The python standard library ALREADY AUTO convert unicode to utf8 when write to socket.

Lukasa commented 10 years ago

The python standard library ALREADY AUTO convert unicode to utf8 when write to socket. (that why the chunk size is wrong, not the chunk body)

Not in Python 3 it doesn't:

Python 3.4.1 (default, Aug 25 2014, 11:56:02) 
[GCC 4.2.1 Compatible Apple LLVM 5.1 (clang-503.0.40)] on darwin
Type "help", "copyright", "credits" or "license" for more information.
>>> import socket
>>> s = socket.create_connection(('mkcert.org', 80))
>>> s.write("unicode string")
Traceback (most recent call last):
  File "<stdin>", line 1, in <module>
TypeError: 'str' does not support the buffer interface

In fact, it doesn't even work in Python 2 on my machine:

Python 2.7.8 (default, Aug 25 2014, 11:53:26) 
[GCC 4.2.1 Compatible Apple LLVM 5.1 (clang-503.0.40)] on darwin
Type "help", "copyright", "credits" or "license" for more information.
>>> import socket
>>> s = socket.create_connection(('mkcert.org', 80))
>>> s.send(u"unicode string with ÜBİTAK")
Traceback (most recent call last):
  File "<stdin>", line 1, in <module>
UnicodeEncodeError: 'ascii' codec can't encode character u'\xdc' in position 20: ordinal not in range(128)
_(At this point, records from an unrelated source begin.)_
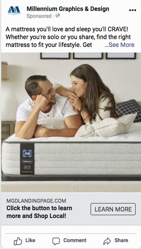 We run Facebook ads and Google Responsive Display Ads. These Ads build engagement in tandem with National Tempur Sealy promotions.
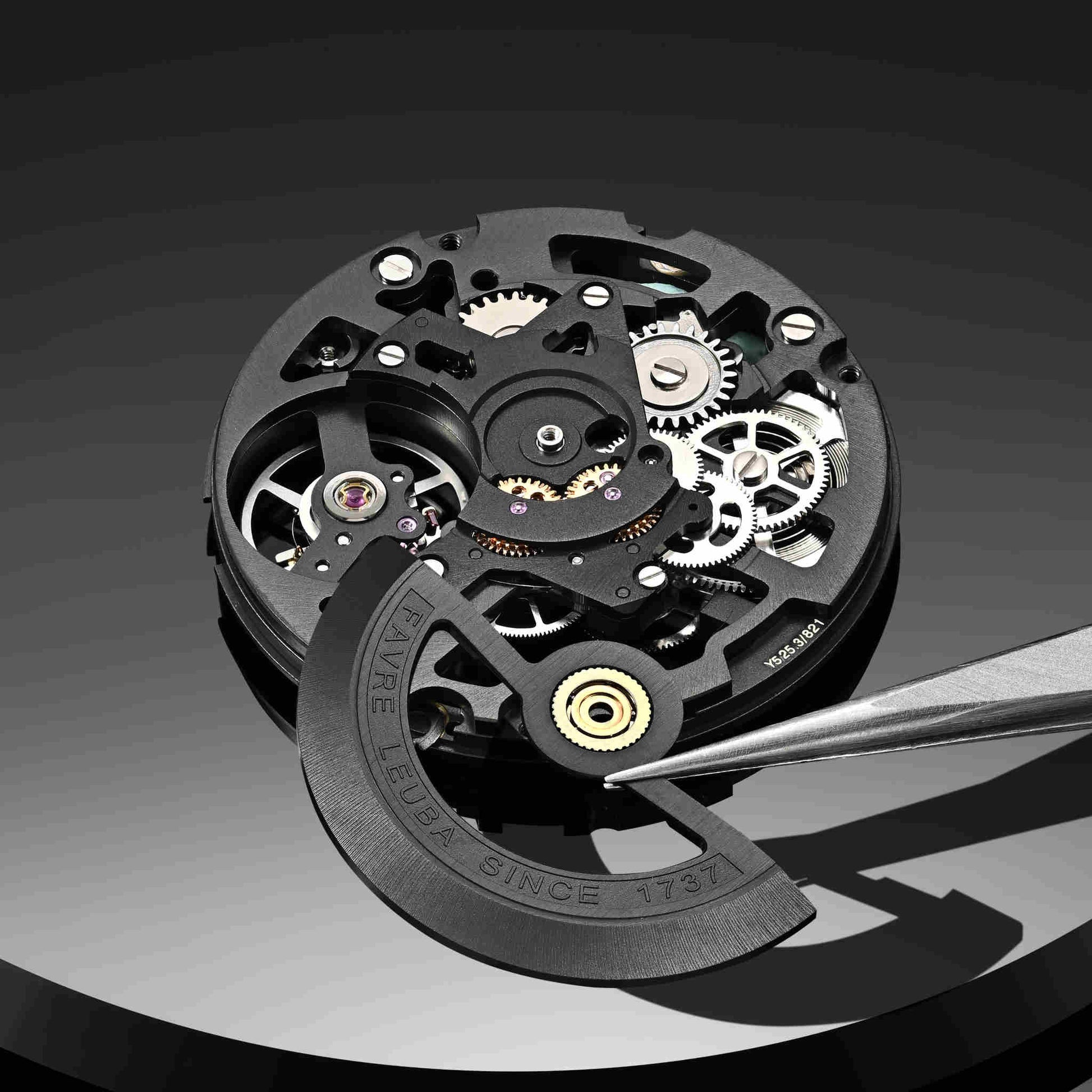ブリッジやローターのスケルトン加工は、回転や鼓動といったムーブメントの動きを立体的に捉え、スケルトンウォッチとしての醍醐味を最大化しています。
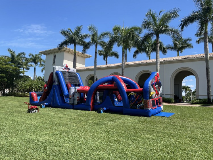 Check out the Spider-Man Obstacle Course! This inflatable obstacle course is a great way for kids to test out their amazing reflexes and coordination. This action-packed course is the perfect addition to any Marvel themed party/occasion. Party members will enjoy finding their way through the challenging twist and turns. To top off the maze of swiftness, you will experience a 50ft long, wet/dry slide.

The answer to 'why not accept utf8 as default encoding' is because that mistake is exactly what causes this problem in the first place. There is no 'default encoding', there's only right and wrong. We cannot and should not guess in this regard. It makes no sense to send unicode bytes on a socket.

Sometimes, we can guess. JSON has a set of well-defined text encodings, so we can pick one of those. But you could be sending text in any encoding, and we have no way to guess. Getting weird server errors is worse than us blowing up and saying "you have to give us binary data!"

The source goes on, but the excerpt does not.